- Data shown -

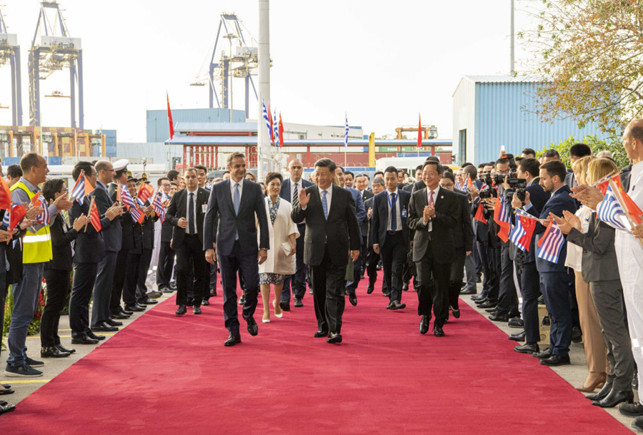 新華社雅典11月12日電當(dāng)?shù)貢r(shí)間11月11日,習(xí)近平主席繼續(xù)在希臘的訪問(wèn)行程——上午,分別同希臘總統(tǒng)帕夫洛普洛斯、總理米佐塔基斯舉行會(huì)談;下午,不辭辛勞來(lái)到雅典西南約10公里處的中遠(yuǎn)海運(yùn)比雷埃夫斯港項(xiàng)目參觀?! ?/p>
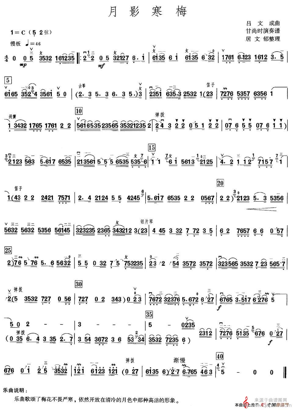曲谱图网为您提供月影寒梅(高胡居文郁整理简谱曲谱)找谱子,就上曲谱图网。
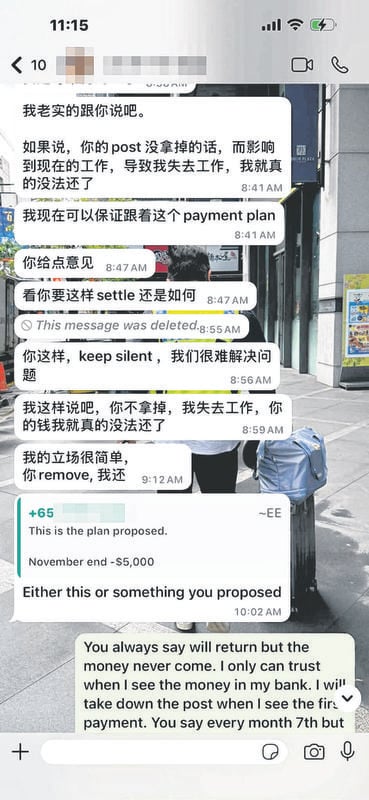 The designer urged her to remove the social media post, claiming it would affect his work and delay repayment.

* * *

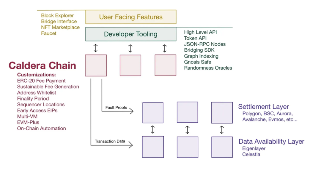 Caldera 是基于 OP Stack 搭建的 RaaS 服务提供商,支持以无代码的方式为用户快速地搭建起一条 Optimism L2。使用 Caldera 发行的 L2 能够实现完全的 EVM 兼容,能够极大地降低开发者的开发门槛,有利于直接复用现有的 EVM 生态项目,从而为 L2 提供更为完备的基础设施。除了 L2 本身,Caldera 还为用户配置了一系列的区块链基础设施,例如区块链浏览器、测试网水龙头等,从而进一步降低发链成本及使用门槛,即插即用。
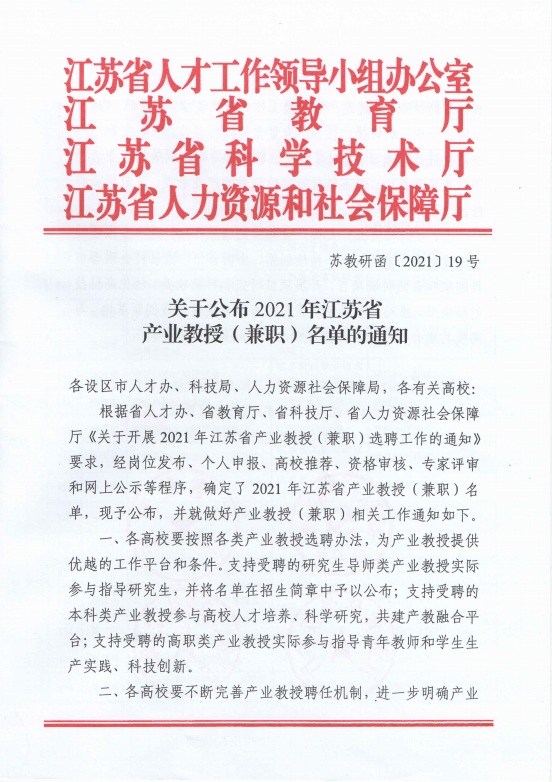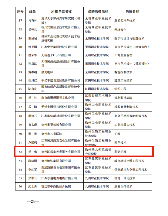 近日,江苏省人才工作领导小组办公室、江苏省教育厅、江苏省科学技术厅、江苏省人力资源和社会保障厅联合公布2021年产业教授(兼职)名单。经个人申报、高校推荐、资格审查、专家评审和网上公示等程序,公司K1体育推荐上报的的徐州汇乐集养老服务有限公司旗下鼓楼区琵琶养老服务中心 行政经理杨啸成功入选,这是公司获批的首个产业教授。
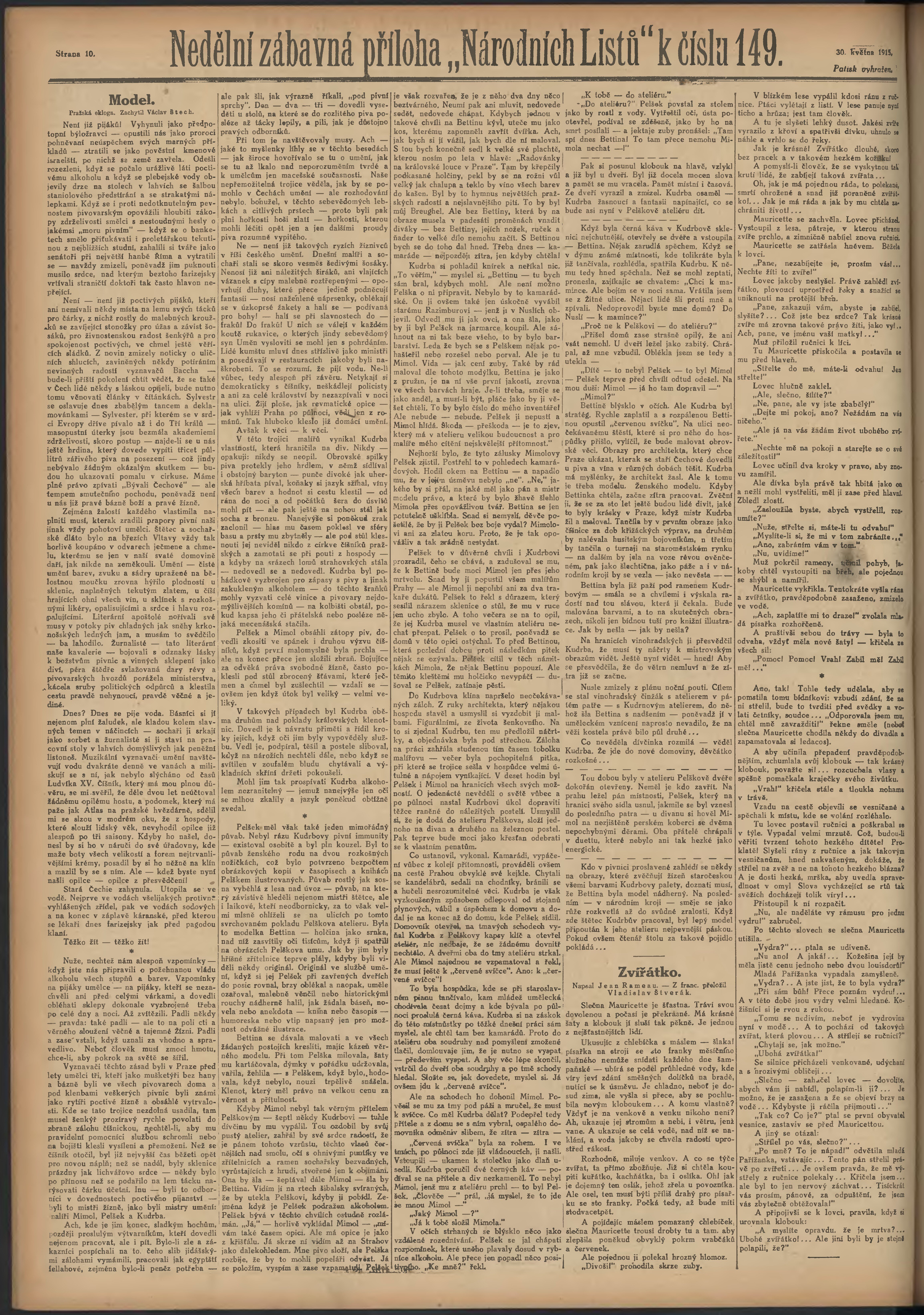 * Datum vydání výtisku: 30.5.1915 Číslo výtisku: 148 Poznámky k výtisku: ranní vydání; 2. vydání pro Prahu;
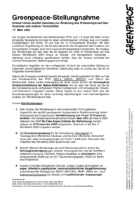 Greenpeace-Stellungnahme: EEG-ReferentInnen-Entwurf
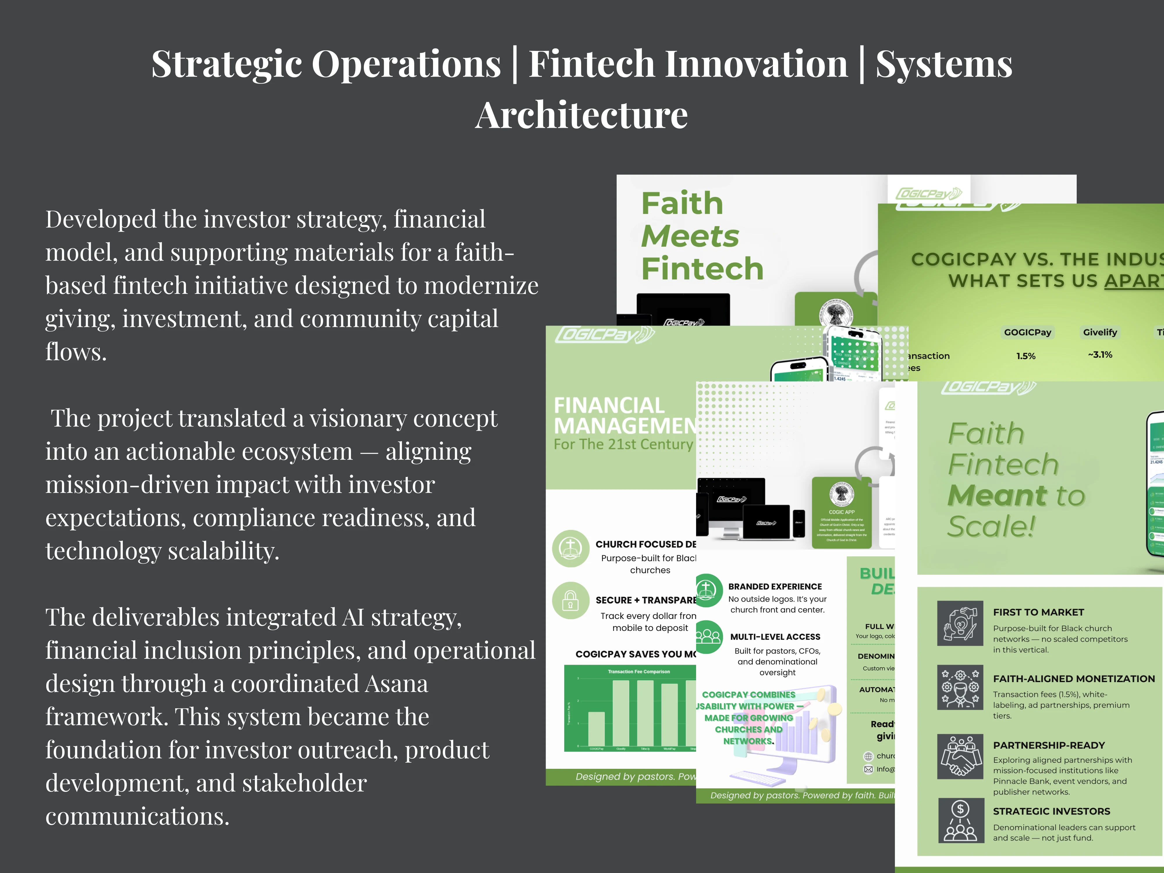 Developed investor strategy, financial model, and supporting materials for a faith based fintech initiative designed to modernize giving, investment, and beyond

==

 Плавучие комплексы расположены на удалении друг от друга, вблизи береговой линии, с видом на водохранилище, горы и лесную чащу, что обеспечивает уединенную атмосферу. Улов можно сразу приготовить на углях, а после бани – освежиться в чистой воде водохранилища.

- Try it -
The lines to set down run from the line with "Caldera 是基于 OP" up to and including the line with "近日,江苏省人才工作领导小组" in the entries above. Reproduce them exactly, with no pictures.

- Exercise output -
 Caldera 是基于 OP Stack 搭建的 RaaS 服务提供商,支持以无代码的方式为用户快速地搭建起一条 Optimism L2。使用 Caldera 发行的 L2 能够实现完全的 EVM 兼容,能够极大地降低开发者的开发门槛,有利于直接复用现有的 EVM 生态项目,从而为 L2 提供更为完备的基础设施。除了 L2 本身,Caldera 还为用户配置了一系列的区块链基础设施,例如区块链浏览器、测试网水龙头等,从而进一步降低发链成本及使用门槛,即插即用。
 近日,江苏省人才工作领导小组办公室、江苏省教育厅、江苏省科学技术厅、江苏省人力资源和社会保障厅联合公布2021年产业教授(兼职)名单。经个人申报、高校推荐、资格审查、专家评审和网上公示等程序,公司K1体育推荐上报的的徐州汇乐集养老服务有限公司旗下鼓楼区琵琶养老服务中心 行政经理杨啸成功入选,这是公司获批的首个产业教授。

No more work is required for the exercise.